• [What is being asked]
When the line with "O documento discute" turns up below, begin repeating exactly, and carry on through the line with "太鼓門から本丸に行く途中左側"; no pictures go into the copy.
Segment Start: Entries provided
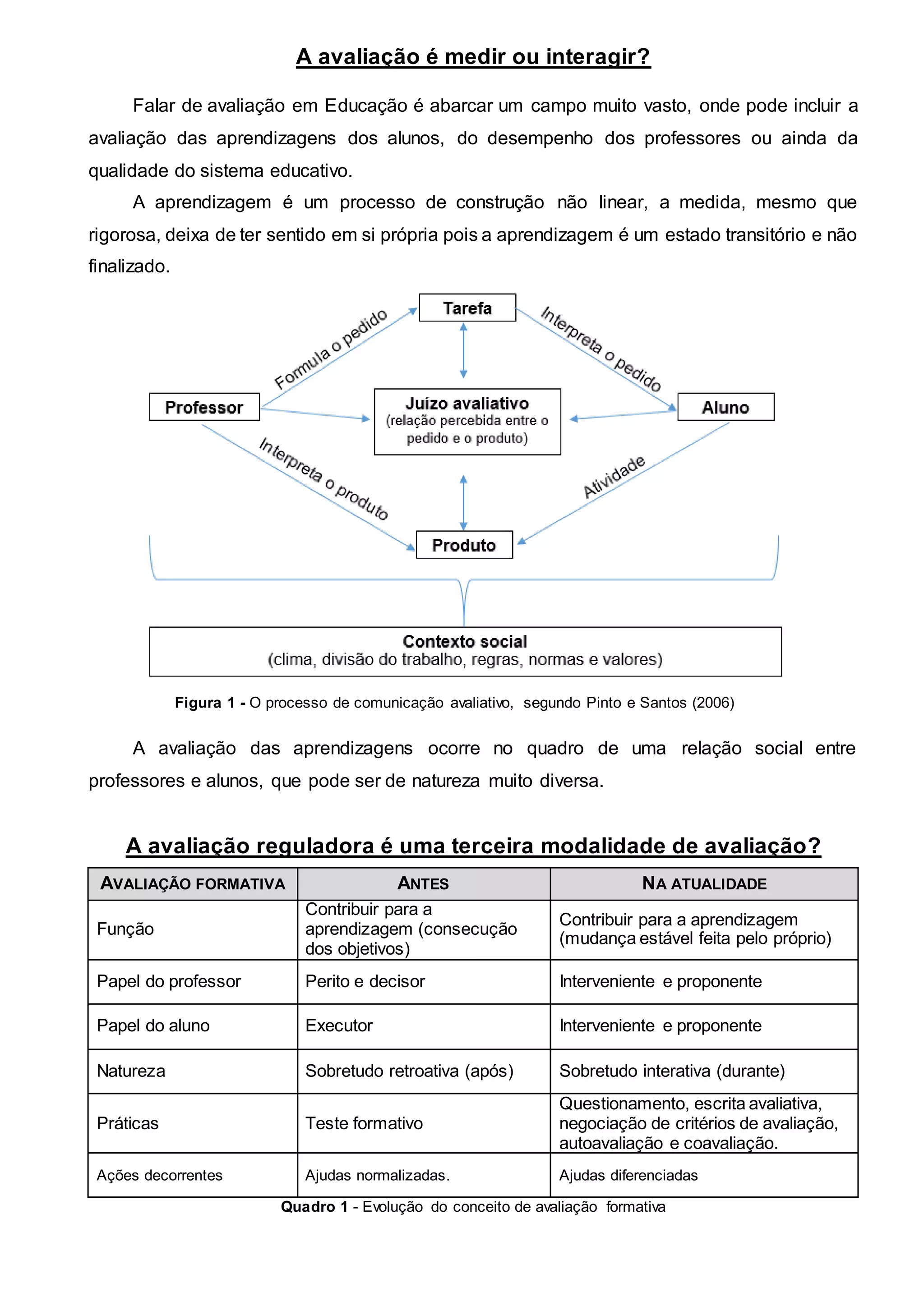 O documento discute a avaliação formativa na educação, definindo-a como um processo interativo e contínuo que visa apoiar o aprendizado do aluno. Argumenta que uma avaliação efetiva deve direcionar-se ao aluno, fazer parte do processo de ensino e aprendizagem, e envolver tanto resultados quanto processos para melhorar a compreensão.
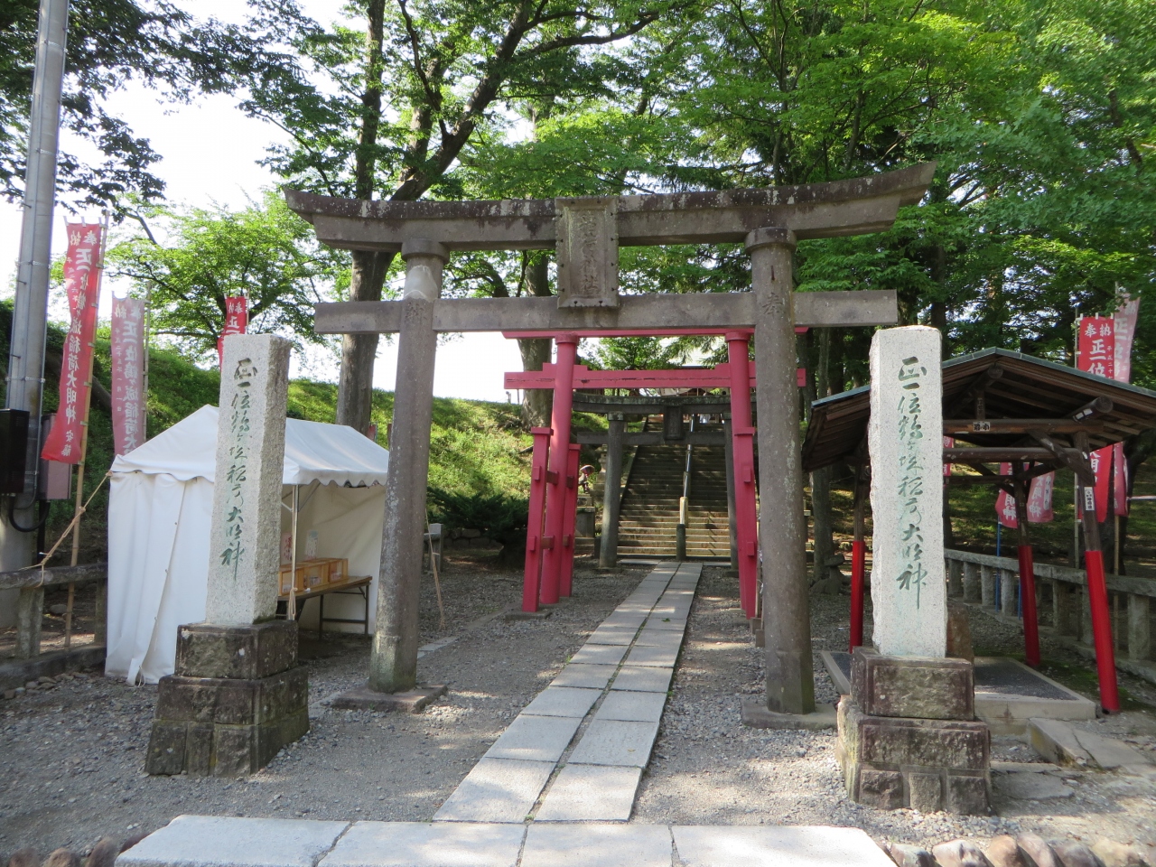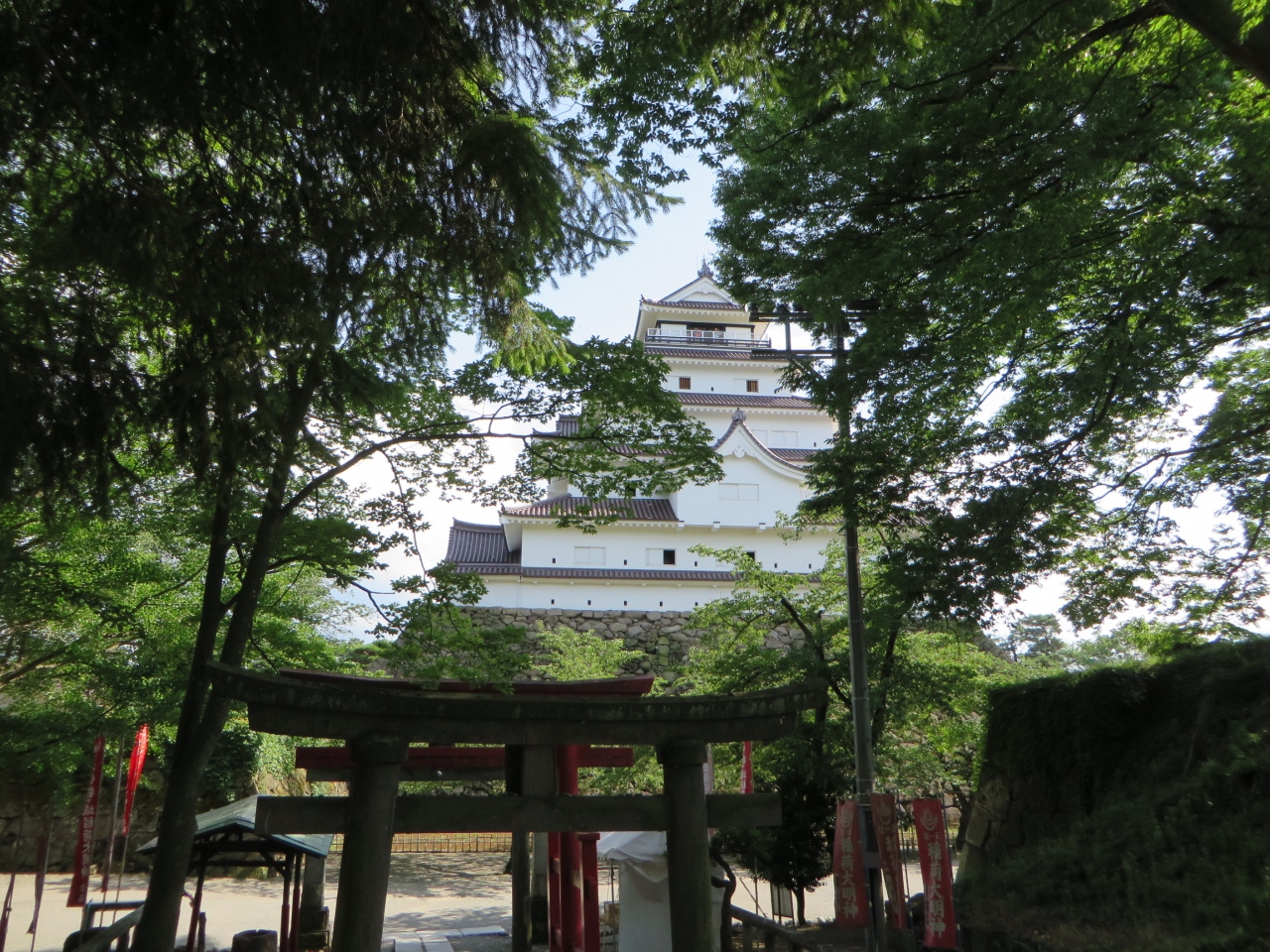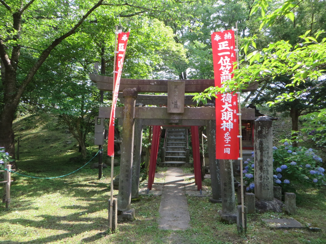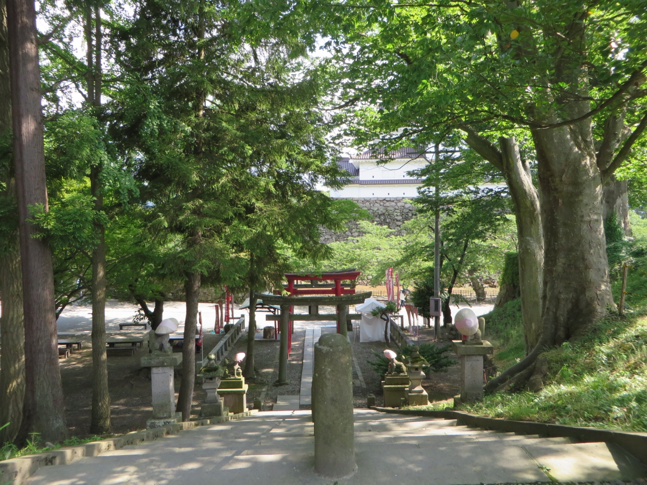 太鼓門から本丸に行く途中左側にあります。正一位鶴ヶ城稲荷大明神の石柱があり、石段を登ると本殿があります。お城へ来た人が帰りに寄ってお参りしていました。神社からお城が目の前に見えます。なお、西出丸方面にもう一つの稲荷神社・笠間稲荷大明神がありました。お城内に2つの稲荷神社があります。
Segment End: Entries provided
Segment Start: Entries provided
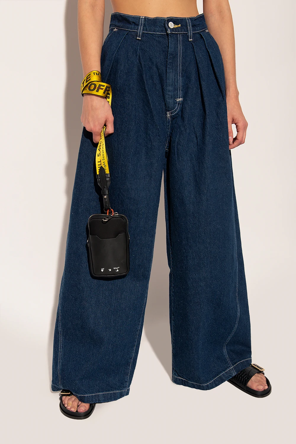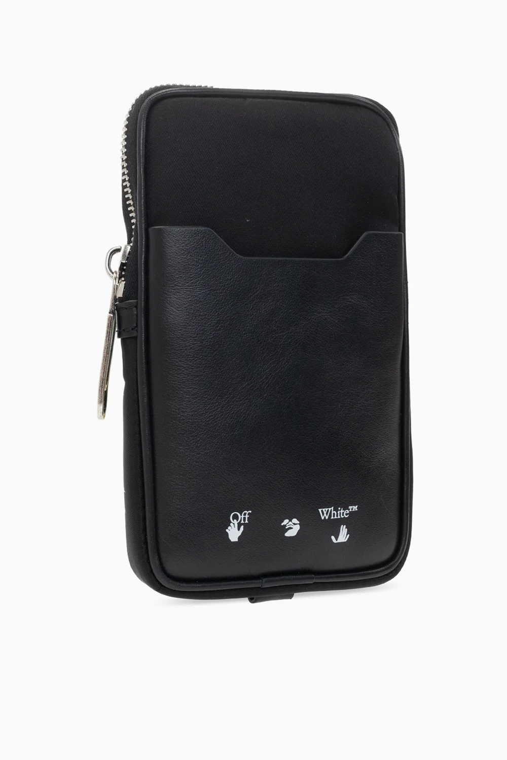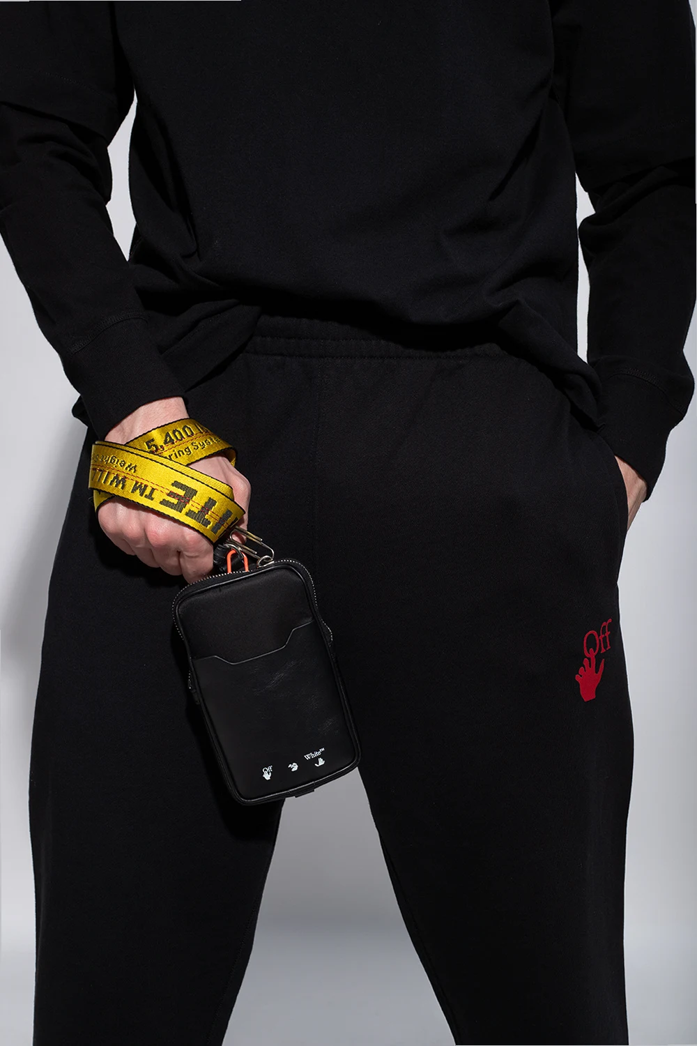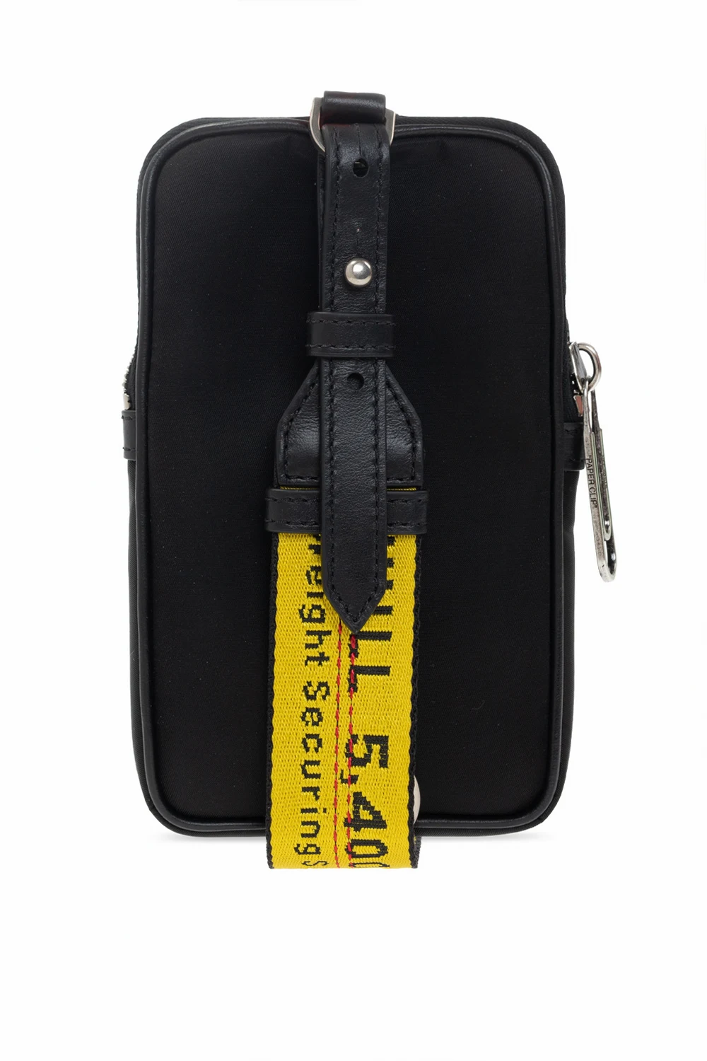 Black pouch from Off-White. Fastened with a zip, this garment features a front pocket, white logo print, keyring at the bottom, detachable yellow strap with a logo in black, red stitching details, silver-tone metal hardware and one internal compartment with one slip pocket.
Segment End: Entries provided
• [Solution for this problem]
 O documento discute a avaliação formativa na educação, definindo-a como um processo interativo e contínuo que visa apoiar o aprendizado do aluno. Argumenta que uma avaliação efetiva deve direcionar-se ao aluno, fazer parte do processo de ensino e aprendizagem, e envolver tanto resultados quanto processos para melhorar a compreensão.
 太鼓門から本丸に行く途中左側にあります。正一位鶴ヶ城稲荷大明神の石柱があり、石段を登ると本殿があります。お城へ来た人が帰りに寄ってお参りしていました。神社からお城が目の前に見えます。なお、西出丸方面にもう一つの稲荷神社・笠間稲荷大明神がありました。お城内に2つの稲荷神社があります。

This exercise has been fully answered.